The choice of interpolation algorithm may depend on data complexity
and aliasing. A mixture of algorithms may be used, e.g., sinc
interpolation for low frequencies, and FX interpolation for high
frequencies. In step 508, traces 614 are selected from the full set
of traces 610. Traces 614 are selected to contain data intended to
be used as a cross-talk estimate for the next step, e.g., the
traces that were not selected in step 504. For example, traces 614
correspond to even shot point traces generated by source S1. Traces
616 are selected in the same step from the full set of traces 612
based on the same criterion, i.e., to contain data intended to be
used as a cross-talk estimate for the next step. For example,
traces 616 correspond to odd shot point traces generated by source
S2. In step 510, a time shift is applied to traces 614 and 616 to
obtain time-delayed traces 618 and 620, respectively. The time
shift may be exactly the time delay between the sources' shooting
sequence, i.e., 1000 ms for the embodiment of FIG. 4. Note that the
term "trace" is used in this application to mean the full trace as
in dataset 600 and also to mean part of a trace as in traces 606 to
620.
[0046] In step 512, time-delayed traces 618 and 620 are subtracted
from the original dataset 600 for obtaining estimated de-blended
dataset 622, which has been partially de-blended at least for a
second window 622b. The estimated de-blended dataset 622 still
includes cross-talk noise and, for this reason, it is used in a
later process for calculating the de-blended data.
[0047] An adaptive subtraction may be used in step 512 instead of
the traditional subtraction. The scheme of adaptive subtraction
involves improving the matching of one dataset to another through
the use of one or more convolution filters. This scheme is
disclosed, for example, in Verschuur D. J., Seismic multiple
removal techniques--past, present and future, EAGE publications,
2006, and thus, no details are presented herein. Note that the
scheme of adaptive subtraction does not have to use only
interpolated traces; it may use one or more of the original traces.
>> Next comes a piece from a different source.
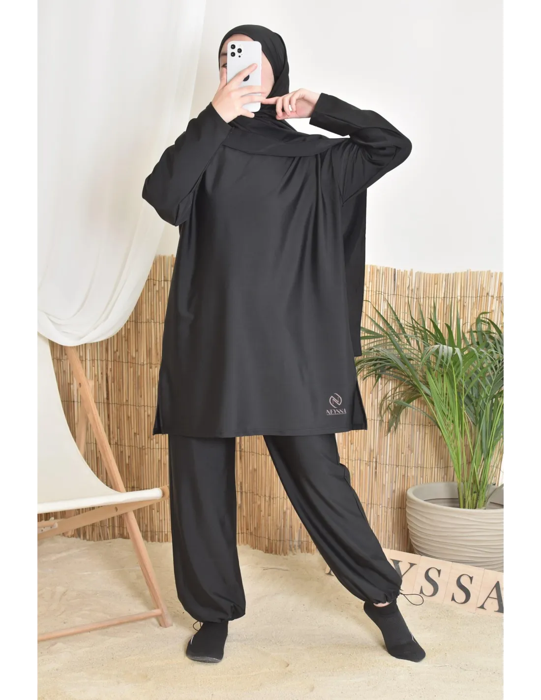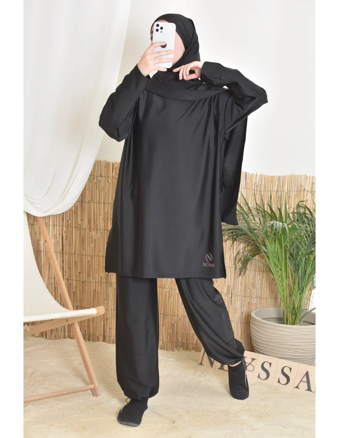 - Confection Neyssa : Ce burkini de bain a été confectionné dans nos ateliers avec un tissu de qualité

Forms of adaptive subtraction other than using convolutional
filters are also available, e.g. Herrmann, F., and Moghaddam, P.,
2004, Curvelet-based nonlinear adaptive subtraction with sparseness
constraints, SEG conference proceedings. The adaptive subtraction
may also be applied in a model domain, e.g., transform interpolated
data and data containing cross-talk noise from the time domain into
a model domain (e.g., linear radon, parabolic radon, fk, etc.),
apply adaptive subtraction, calculate the adapted cross-talk noise
to be removed, reverse transform the adapted cross-talk noise to
the time domain, and subtract this transformed data from the data
containing the cross-talk noise. The model domain may be a function
of one or more spatial dimensions. Another alternative may involve
applying the full deblending process in a model domain, i.e.,
transform the input data including signals and cross-talk noise to
a model domain, interpolate the data in the model domain, adaptive
subtraction in the model domain, and so on as discussed above.
[0048] The algorithm evaluates in step 514 if the end (i.e., the
last window) of the initial seismic data 600 has been reached. If
the answer is no, the process returns to step 504 to remove the
cross-talk from a next window. If the answer is yes, the process
advances to step 516 to generate the estimated de-blended data.
[0049] An optional scheme for processing the same input data 600 is
illustrated in FIG. 6B and this scheme may use the result from the
first deblending pass of data 606 before interpolating data 608.
More specifically, this flow may include the following steps: (S1a)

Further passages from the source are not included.